On the detection of Exomoons: A search in Kepler data for the orbital sampling effect and the scatter peak

TL;DR

This paper evaluates the orbital sampling effect (OSE) method for detecting exomoons in Kepler data, demonstrating its potential through simulations and identifying possible exomoon signals around certain exoplanets.

Contribution

It introduces a framework for applying the OSE method to Kepler data, tests its effectiveness with simulations, and reports a potential exomoon signal in a specific planet sample.

Findings

Exomoon signals can be detected with Kepler data using the OSE method under favorable conditions.

A significant OSE-like signal was found for planets with 35-80 days orbital periods.

Possible exomoon size estimated at around 2120 km radius for the detected signal.

Abstract

Despite the discovery of thousands of exoplanets, no exomoons have been detected so far.
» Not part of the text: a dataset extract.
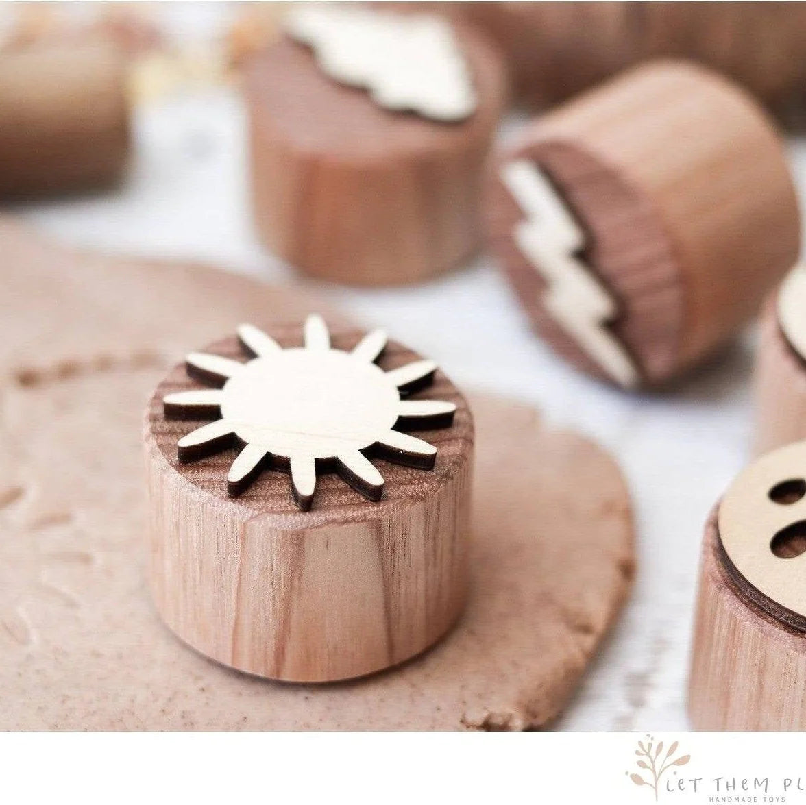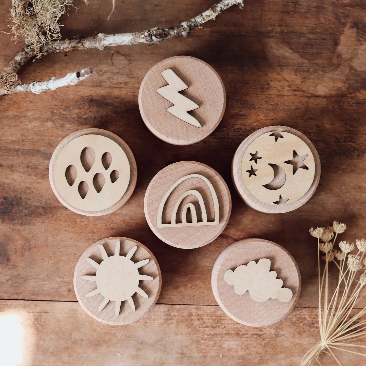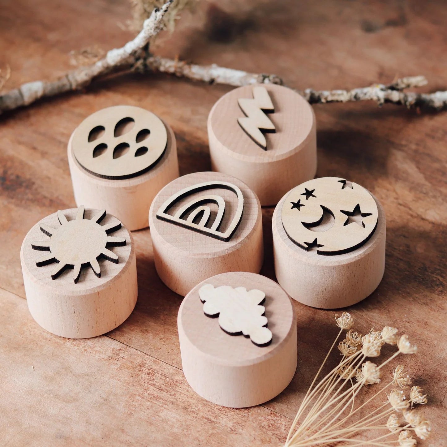 It's a beautiful day for stamping! With these Wooden Stampers - Weather, you can add a natural touch to your sensory fun! Perfect for creative play, they add a whimsical, weather-themed element to your play dough, clay, or kinetic sand. Enjoy sunny skies or rain showers, without getting your feet wet!

We test a recently developed method for exomoon search, the orbital sampling effect (OSE), using the full exoplanet photometry from the Kepler Space Telescope. The OSE is applied to phase-folded transits, for which we present a framework to detect false positives, and discuss four candidates which pass several of our tests. Using numerical simulations, we inject exomoon signals into real Kepler data and retrieve them, showing that under favorable conditions, exomoons can be found with Kepler and the OSE method. In addition, we super-stack a large sample of Kepler planets to search for the average exomoon OSE and the accompanying increase in noise, the scatter peak. We find a significant OSE-like signal, which might indicate the presence of moons, for planets with 35d<P<80d, having an average dip per planet of 6+-2ppm, corresponding to a moon radius of 2120 +330 -370km for the average star radius of 1.24R_Sun in this sample.